Cultura

CAPITÃO FAUSTO ESTREIA ÁLBUM NA CASA DA MÚSICA

Lançado em março, “A Invenção do Dia Claro” é o quarto álbum dos Capitão Fausto. Por Joana Novo.

Três dos singles já eram conhecidos – “Sempre teu”, “Faço as Vontades” e “Amor, a nossa vida” – quando o álbum A Invenção do Dia Claro foi lançado oficialmente. Com ele, foram anunciadas as datas da tour de apresentação que conduziram os Capitão Fausto à Casa da Música esta quinta-feira.

O concerto está esgotado e as pessoas começam a reunir-se muito antes da hora do espetáculo. Estão presentes famílias, grupos de jovens, casais mais velhos, mas acima de tudo sente-se a presença da comunidade fiel de fãs que não perde um concerto da banda de Lisboa.

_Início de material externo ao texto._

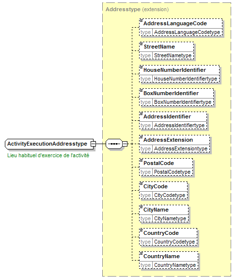 | children | AddressLanguageCode StreetName HouseNumberIdentifier BoxNumberIdentifier AddressIdentifier AddressExtension PostalCode CityCode CityName CountryCode CountryName | ||||||||||||||||||
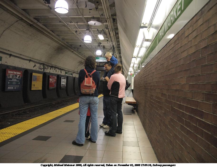 Picture #100: Subway passengers 912x700, 107,814 bytes (106K), (html file) Copyright, Michael Meissner 2008, All rights reserved Olympus E-3 camera with Olympus 14-54mm f/2.8-3.5 lens f/2.8, ISO 640, 1/60 sec, 14.0mm, auto mode, natural color, auto gradation, matrix metering, IS1 (All Direction Shake IS) 35mm equivalent focal length 28.0mm Taken by Michael Meissner on November 01, 2008 17:09:30 Last modified on November 02, 2008 at 21:39 |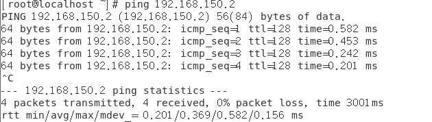 ping 192.168.150.1 # ping网关(通则网络正常)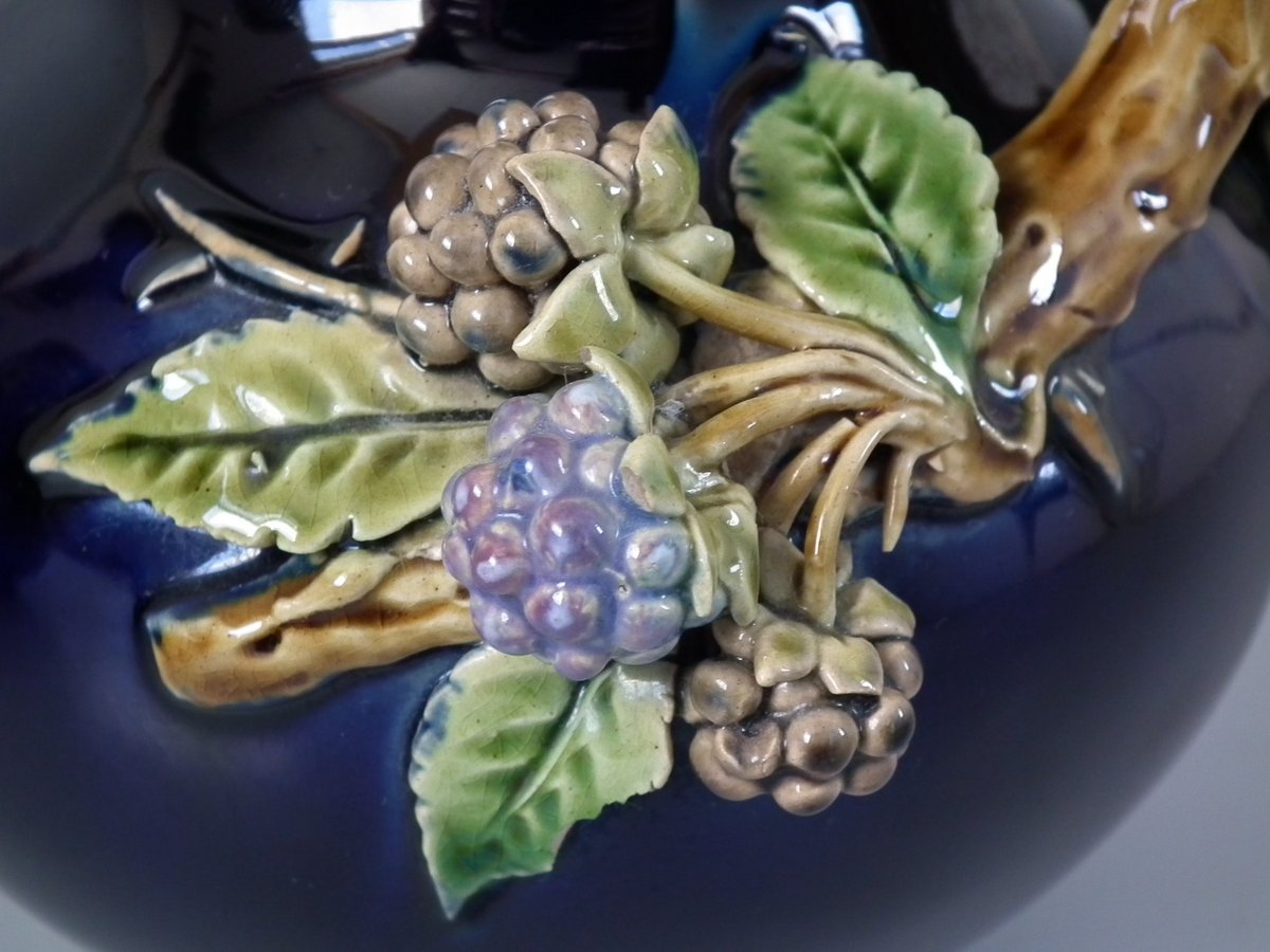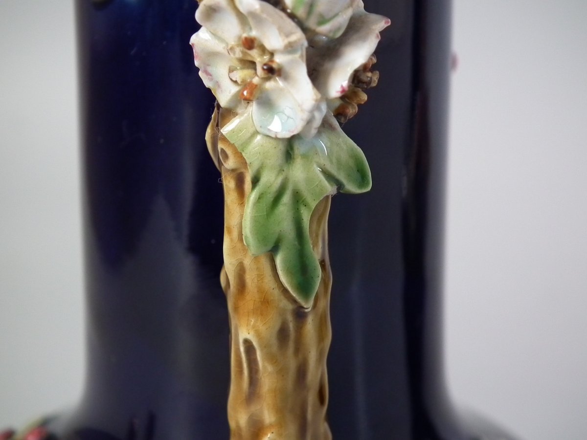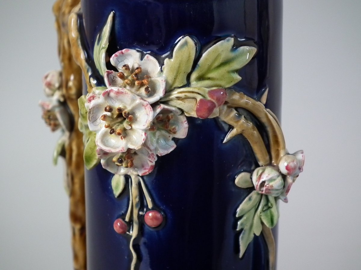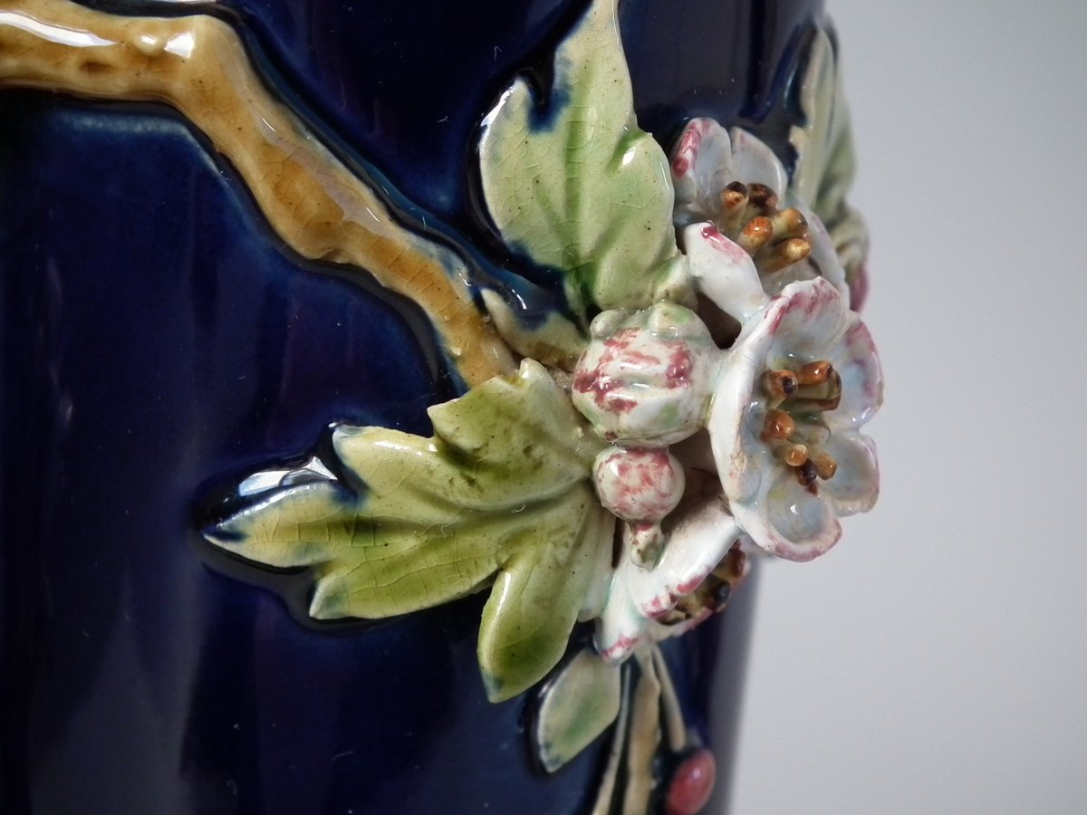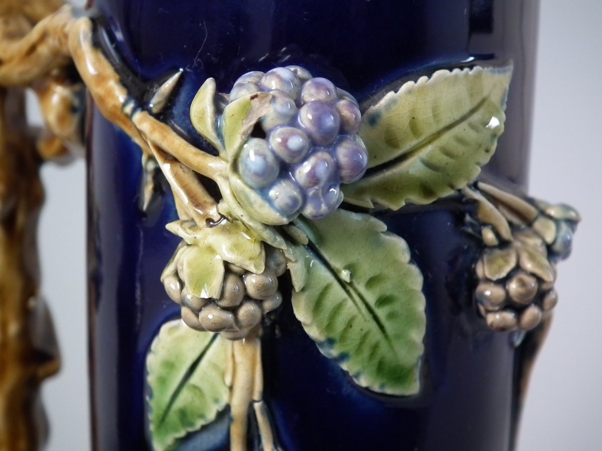 Victorian, circa 1879. Tallest is 8.3ins high, 4.3ins wide, 4.3ins depth. Pair of Minton Majolica vases which feature leaves, flowers, berries and a branch handle (one vase has blackberries, the other has hawthorn).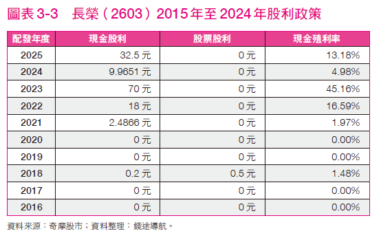 以圖表3-3 長榮(2603)的現金股利政策為例,2023 年時配發70 元, 現金殖利率高達45.16%,但2021 年時只配息約2.5 元,現金殖利率不到2%,2016 年、2017 年、2019 年及2020 年更是完全不配息,現金殖利率是0%,這就是偶一為之,而非穩扎穩打的好體質,也因此長榮就不會是存股的合格標的。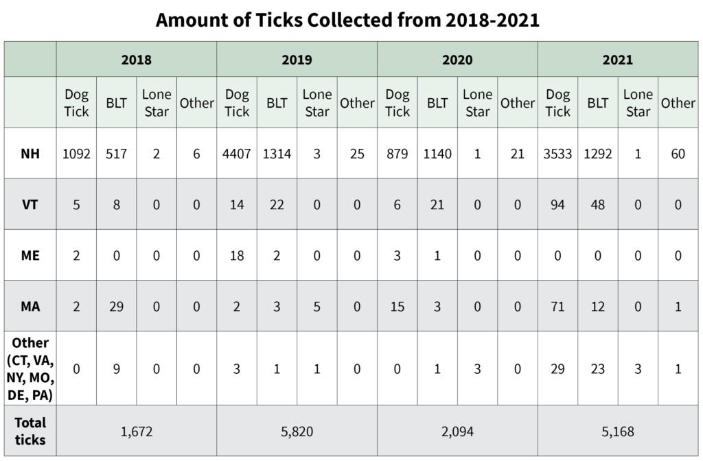 In New Hampshire, we see 50% less blacklegged (deer) ticks than dog ticks. Blacklegged ticks can carry Lyme disease. NH does have some Lone Star ticks (7 ticks collected in the past 4 years).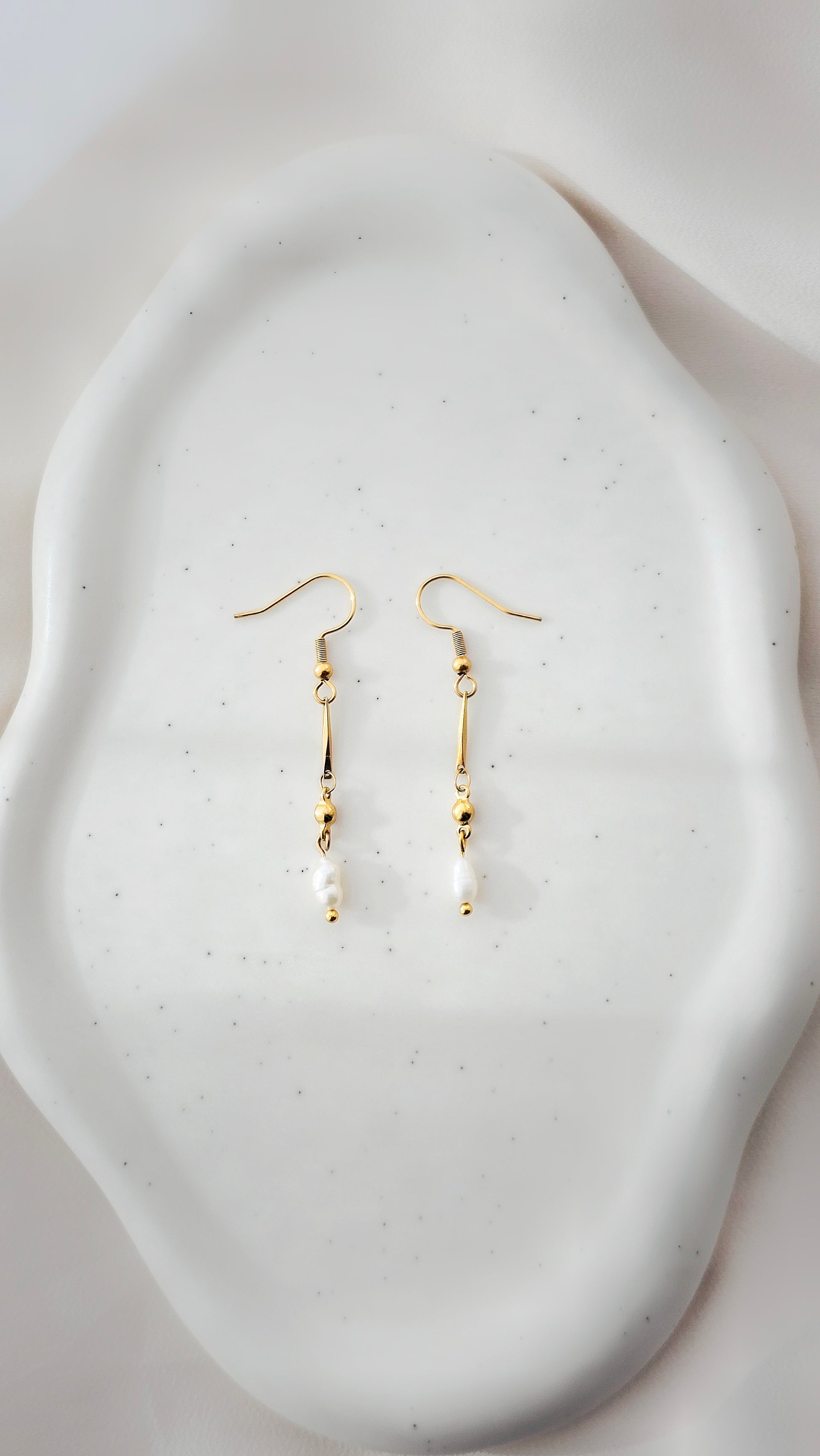 PURE DROP sind minimalistische Ohrringe mit ovalen Süßwasserperlen.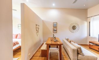Our Apartments are fully furnished and have brand-new construction. They are equipped with a full kitchen and cooking utensils. They are very conveniently located in central Guiones. They are very comfortable for a couple with a child or two people. They are equipped with a queen bed and a futon couch that can be converted into a bed for additional guests.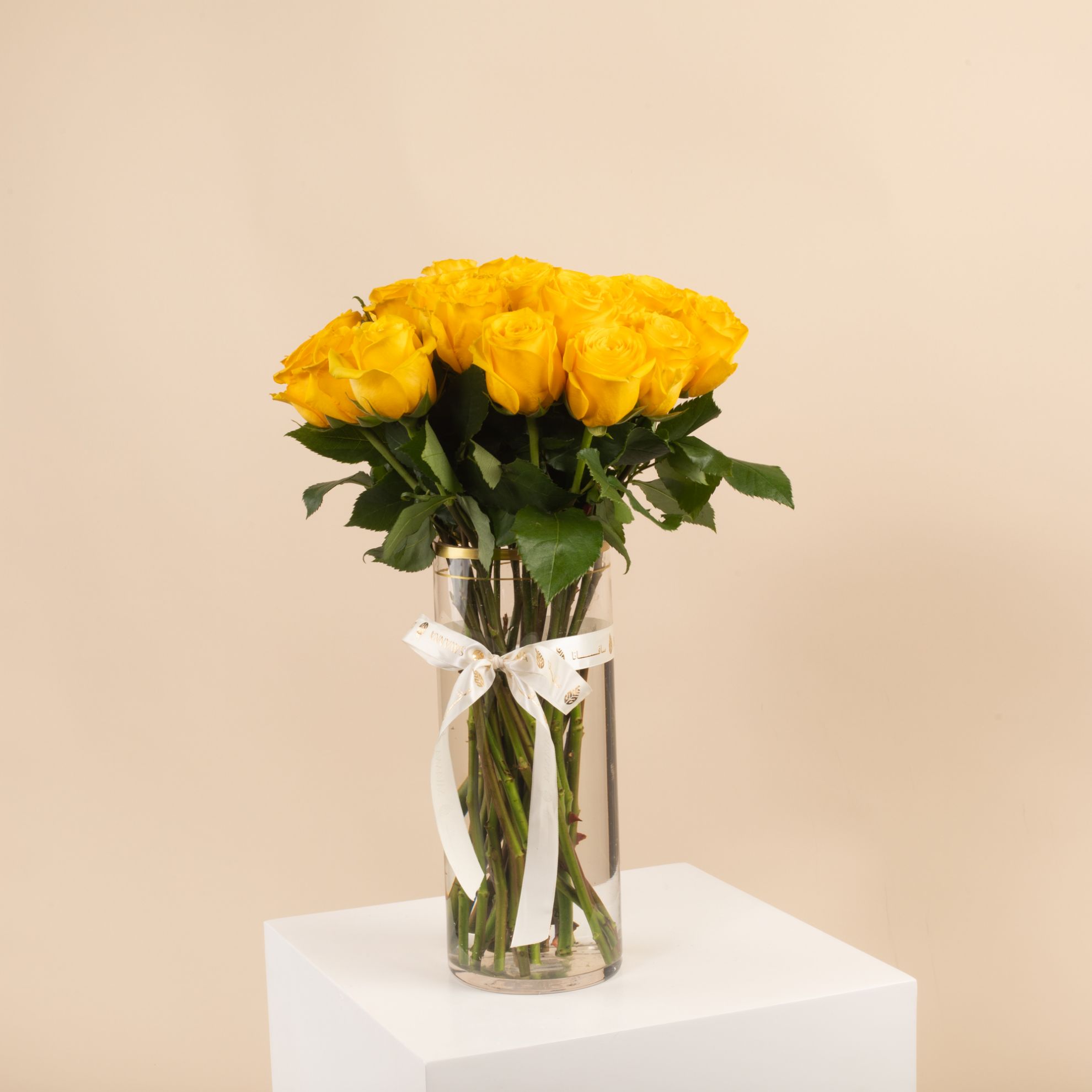 Celebrate graduation with our Glass Vase featuring 25 Yellow Roses! This vibrant arrangement symbolizes joy, success, and new beginnings. A perfect gift to brighten their special day with elegance and positivity. Order now and make their graduation unforgettable!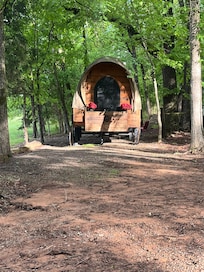 On the Mulberry River in Oark, Arkansas, The Sparrow offers a one-of-a-kind glamping experience. Stay in our cozy Covered Wagon and enjoy modern comforts like WiFi, a Queen size bed with A/C and Heat, TV, full bathroom amenities including coffee maker and microwave.

A Sala Suggia (a maior da Casa da Música) enche-se num piscar de olhos, e rapidamente já toda a gente está sentada. Este é um concerto com uma disposição diferente a todos os outros – marcados por moches e encontrões – onde os Capitão Fausto foram protagonistas, mas o próprio álbum que apresentam é diferente de tudo aquilo que já fizeram.

“Certeza” é o tema de arranque, seguindo-se de “Faço as Vontades”, e se é verdade que a plateia está sentada, não podemos afirmar por completo que se encontra adormecida. À terceira obra, “Santa Ana”, o público inteiro já se encontra frenético, a gritar, a bater palmas e a vibrar ao som do solo de bateria. A energia não se perde, muito pelo contrário: o entusiasmo da plateia aumenta quando “Amanhã Tou Melhor” se ouve, uma das faixas mais conhecidas da banda.

“Nós estivemos cerca de dois anos a fazer isto e é um prazer tocá-lo aqui no Porto pela primeira vez. (…) Obrigada por virem neste dia de chuva”, afirma Tomás Wallenstein, e é quando acaba de proferir estas palavras que soam as primeiras notas de “Amor, a nossa vida”. O discurso, os acordes do piano e a energia do público que reconhece um dos mais recentes singles do último álbum e que acompanha a letra com a banda fazem deste tema um dos momentos de destaque da noite.

Mas é só quando a banda apela ao público para se levantar das cadeiras que o concerto parece tomar uma outra dimensão: a plateia levanta-se sem pensar duas vezes e é durante “Célebre Batalha de Formariz”, “A Febre” e “Morro na Praia” que a mancha de pessoas que enche a sala dança e salta como um só.

O novo álbum é bem recebido e isso sente-se. A sala transpira ânimo, e as letras d’A Invenção do Dia Claro estão decoradas de uma ponta à outra. Os Capitão Fausto recebem longas salvas de palmas e mesmo quando terminam de tocar o último tema do álbum e o último tema da noite, decerto ninguém quer realmente que aquele seja o final.